Потом она лежала, положив голову ему на плечо, и тоже вслушивалась в шум дождя. Он гладил ее.
— Можно ли представить себе что-то более мирное, чем такой проливной дождь темной августовской ночью? — проговорил он.
— И мы двое, предоставленные самим себе в Старом Венхауге, — подхватила Фелисия. — Нет, ничего более прекрасного быть не может. В такие ночи я всегда думаю о зверях и маленьких птичках. Я вижу и крупных птиц, вон тетерева, они сидят на ветках, крепко прижавшись друг к другу, и спят под шорох ветра и шум дождя, и в ушах у них тоже шумит, а дерево качается вместе с ними, и на соседних деревьях тоже качаются спящие птицы, и хлопают оторвавшиеся черепицы на крыше Старого Венхауга. Утром я непременно скажу об этом Яну, он всегда следит, чтобы крыша была в порядке, ты его знаешь. Исправляй поломки, пока они маленькие, говорит он. И вообще, тебя не было так долго, я так истосковалась по тебе, и спасибо, что ты выпил не слишком много.

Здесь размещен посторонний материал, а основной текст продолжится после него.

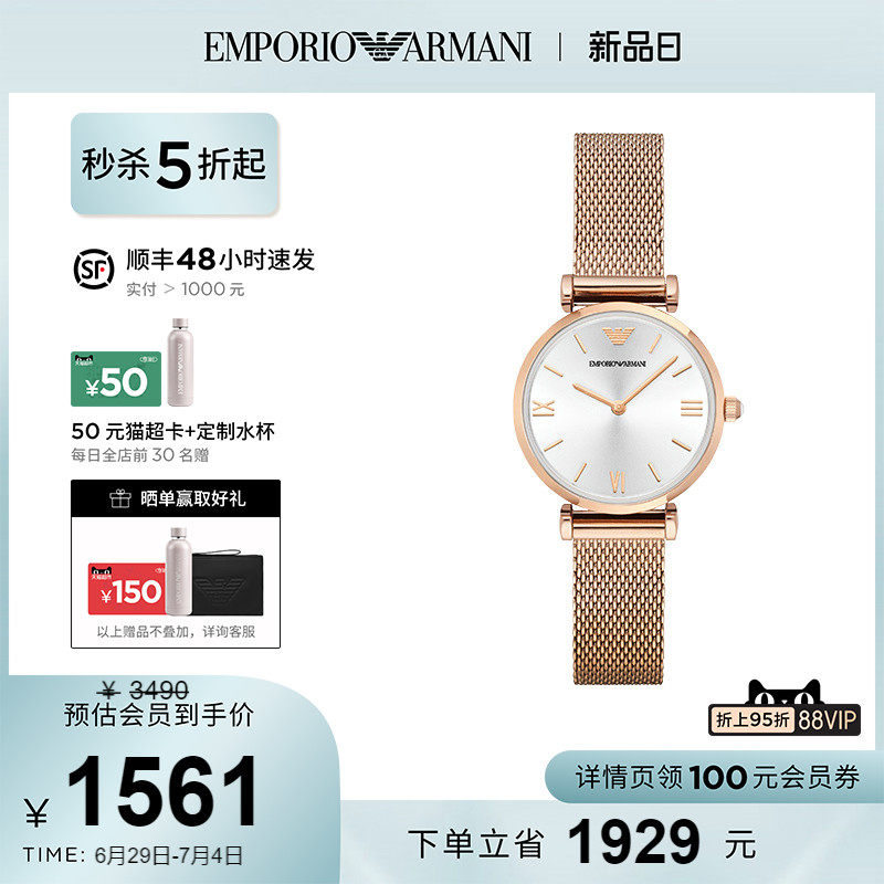 券 320元销量10【正品】Armani阿玛尼旗舰店手表女优雅气质小金表编织钢带AR1956
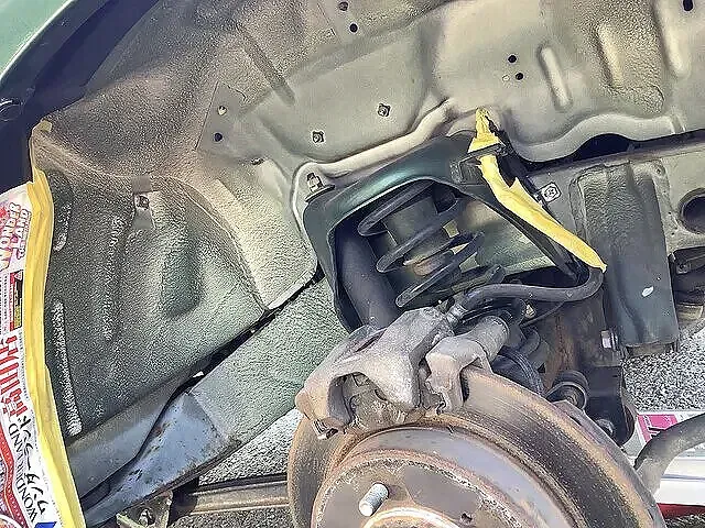 お客様からのご依頼で、車高を調整してカッコよくしました。もちろん、車検に通るための高さは確保しています。違法改造にならないよう細心の注意をはらっています。
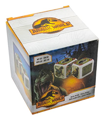 Jurassic World Dominion Sveglia a cubo con luce LED (7 diversi colori), indicazione ora, data, settimana e temperatura
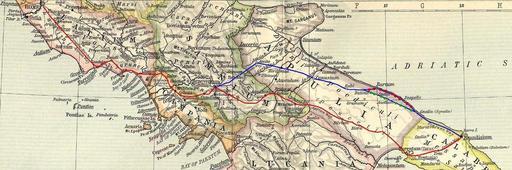 Keywords: Via Appia Via Traiana Costiera et Interna.jpg Ancient roman Appia road from a William R Shepherd 1911 map The original track is in red color In blue color a subsequent parallel track built under Traiano emperor and named Appia Traiana Via Traiana Costiera blue and red; Via Traiana Interna blue and green Via Appia Antica su mappa di William R Shepherd 1911 In colore rosso il tracciato originario in blu l'Appia Traiana Own work Based on William R Shepherd's PD map Fatta da me Basato sulla mappa PD di William R Shepherd 2008-03-07 EH101 PD-old Via Appia Antica Via Traiana 2 Maps of ancient Roman roads in Rome Via Appia 2 Maps of ancient Roman roads in Italy Old maps of ancient Roman roads |
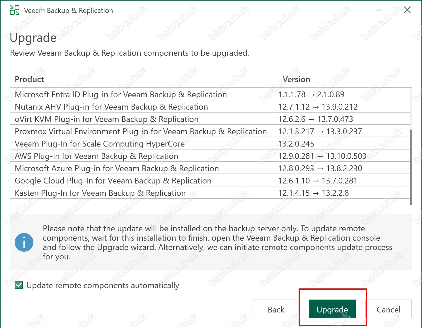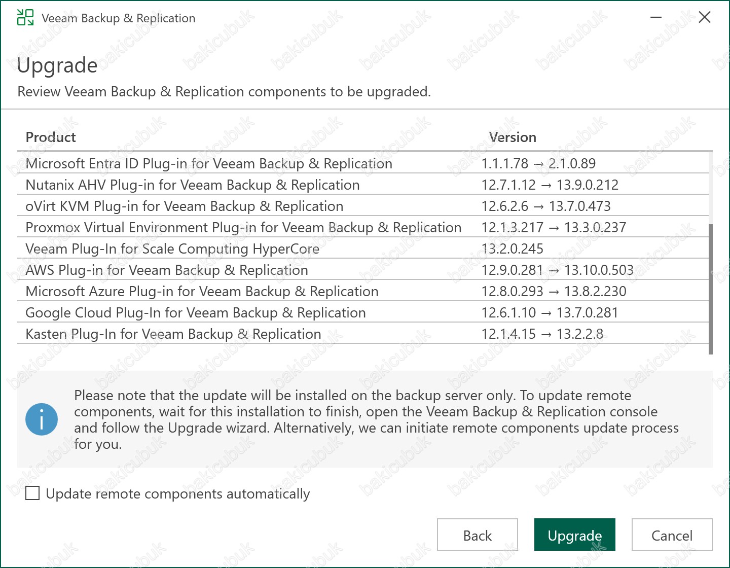Update remote components automatically seçeneği ile Veeam Backup & Replication Server bileşeninin yükseltme işlemi tamamlandıktan sonra uzak bileşenlerin de yükseltme işleminin otomatik olarak yapılması için Update remote components automatically seçeneğini seçebilirsiniz.
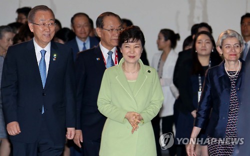 | △ 박근혜 대통령과 반기문 유엔사무총장 등 참석자들이 지난 19일 인천시 송도 컨벤시아에서에서 열린 세계교육포럼 개회식에 참석하고 있다. |

— Ты сама как шорох ночи, Фелисия, твоя речь похожа на журчание весеннего ручья, и ничто не может сравниться с твоим сладостным напитком…
— Прекрати. Сейчас на дворе август. Сочинять ты можешь после рабочего дня, как совершенно справедливо сказал твой брат. Прошлой ночью я проснулась еще до рассвета и думала о тебе. Ни о ком другом я не могла думать и спать тоже не могла. Так продолжалось до полудня, я думала: Сегодня приедет Эрлинг, и когда ты позвонил, я побежала к телефону, чтобы опередить Юлию, потому что знала, что это ты. Как глупо, сказала мне Юлия.
— Глупо, что я позвонил?
— Конечно, нет. Глупо, что я побежала. Откуда ты знала, что это Эрлинг, ты получила письмо от него? — спросила она. В тот день, когда ты вернулся домой из Лас-Пальмаса, я тоже все утро думала о тебе, прибирала твой дом и думала о тебе. Чего только я не передумала, и все представлялось мне так отчетливо, как в те разы, когда ты обманывал меня. Ведь я всегда это знаю, я просыпаюсь ночью, и мне бывает так грустно, но на этот раз… на этот раз я знала, что ты тоскуешь по мне. Мужчины — это большие дети…

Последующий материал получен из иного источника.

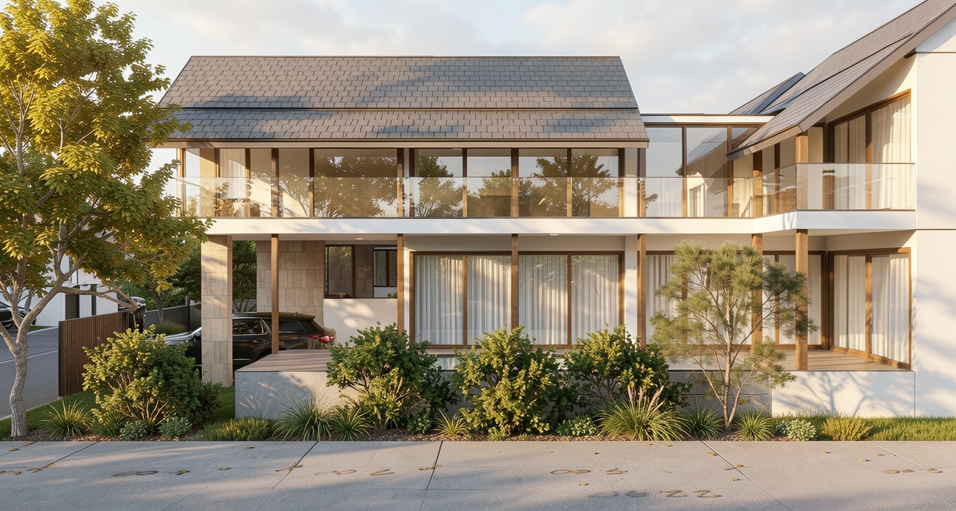 render senyata mungkin dengan panel warna krim polos bukan kayu dan dinding warna off white lantai vinyl krim dan panel di belakanag hapus jadi dinding polos pegangan tangga warna hitam ada lampu indirect di atas pegangan tangga dan lampu sorot kecil di pajangan plafon putih tempat pajangan bolong tembus tidak ada panel
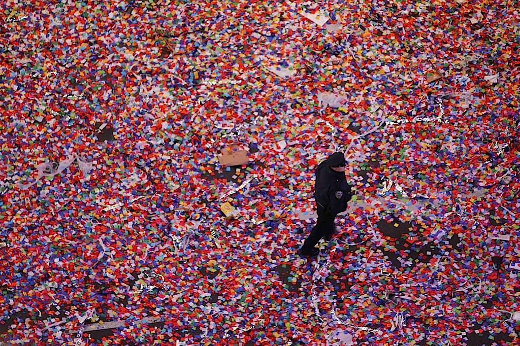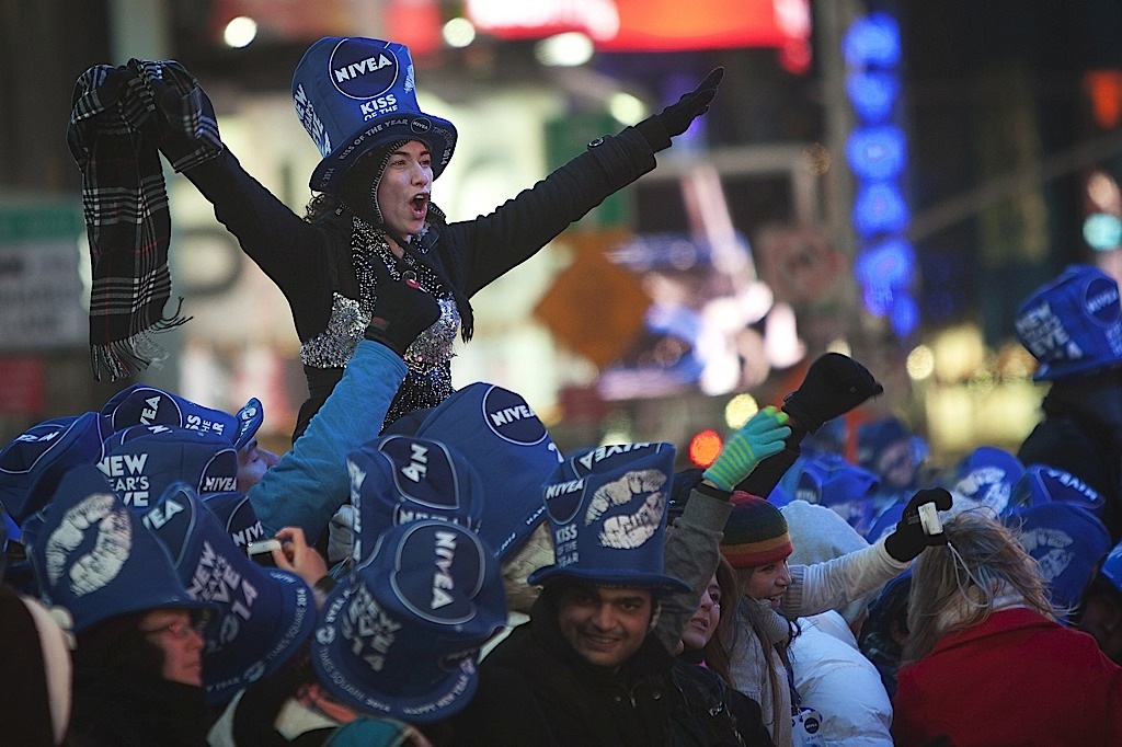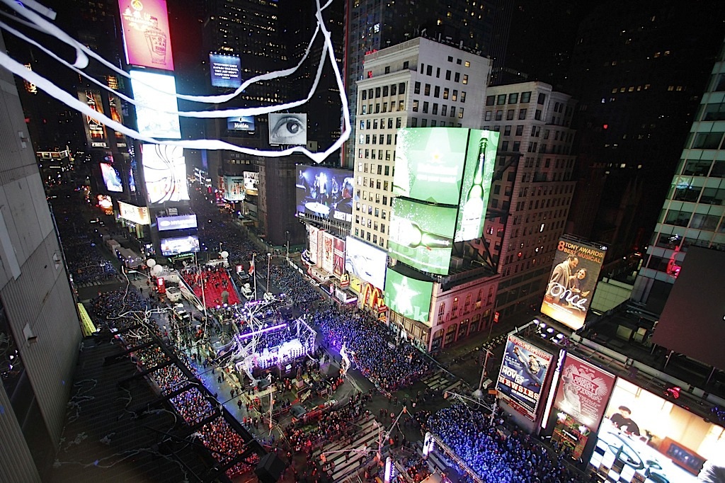 وفي نيويورك تجمع زهاء مليون شخص في ساحة تايمز سكوير لحضور حفل عشية بداية العام الجديد يقام سنويا وشارك في حفل هذا العام ميلي سايروس وميليسا إثريدج وفنانا الهيب هوب ماكلمور وريان لويس.

Последние слова позволили Эрлингу не отвечать ей. Он не любил, отвечая на такое признание, говорить, что тоже сильно тосковал по ней. Он предпочитал немного подождать. Признайся он ей в этом сейчас, это будет похоже на то, как, выслушав рассказ о чьей-то болезни, сказать, что ты тоже болен.
— Может, мужчины и впрямь большие дети, но ты бежишь под проливным дождем в Старый Венхауг, чтобы забраться в постель к такому большому ребенку.

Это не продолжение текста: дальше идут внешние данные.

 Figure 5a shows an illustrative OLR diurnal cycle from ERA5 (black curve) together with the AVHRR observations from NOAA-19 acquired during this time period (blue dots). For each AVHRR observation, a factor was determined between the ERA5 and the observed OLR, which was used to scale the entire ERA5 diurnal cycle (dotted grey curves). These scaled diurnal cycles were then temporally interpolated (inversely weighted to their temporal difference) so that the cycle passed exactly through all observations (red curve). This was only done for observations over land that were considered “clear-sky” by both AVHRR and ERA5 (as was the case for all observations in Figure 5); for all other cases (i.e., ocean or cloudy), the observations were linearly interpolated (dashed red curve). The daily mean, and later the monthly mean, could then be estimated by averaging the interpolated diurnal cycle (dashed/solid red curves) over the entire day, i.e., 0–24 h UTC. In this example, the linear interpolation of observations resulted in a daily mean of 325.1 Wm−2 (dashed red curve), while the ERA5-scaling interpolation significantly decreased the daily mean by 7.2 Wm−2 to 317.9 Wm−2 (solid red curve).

— А разве ты не за тем приехал в Венхауг?
— И за этим и за другим — за всем Венхаугом, — серьезно ответил он.
Эрлинг встал на колени и начал сильными движениями растирать спину Фелисии, она это любила. Через некоторое время она повернулась на спину, и он продолжал свою работу. Она лежала с закрытыми глазами, словно спала, и ровно дышала. Наконец она шевельнулась, положила руку ему на затылок и притянула к себе. Так оно лучше, думал Эрлинг, тишина и покой позволили ему настроиться на одну волну с Богом.
Фелисия встала и подошла к стулу, где лежала его одежда, пошарила в карманах в поисках сигарет. Он следил за ее легкими движениями и был растроган больше, чем когда-то давно, когда впервые увидел ее обнаженной (он вдруг вспомнил Гюльнаре). Тогда роли распределялись иначе: он был женат, а Фелисии было только семнадцать. Теперь ей было сорок, но ему она казалась более молодой, веселой и счастливой, чем обычно. Стройная, точно семнадцатилетняя девочка, она стояла в своем серебряном шлеме и прикуривала сигареты, сперва для него, потом для себя, он увидел, как сверкнули ее глаза в пламени спички. Сейчас она была похожа на непримиримую мстительницу. Уже через четыре дня после гибели братьев она расправилась с тем, кто их предал.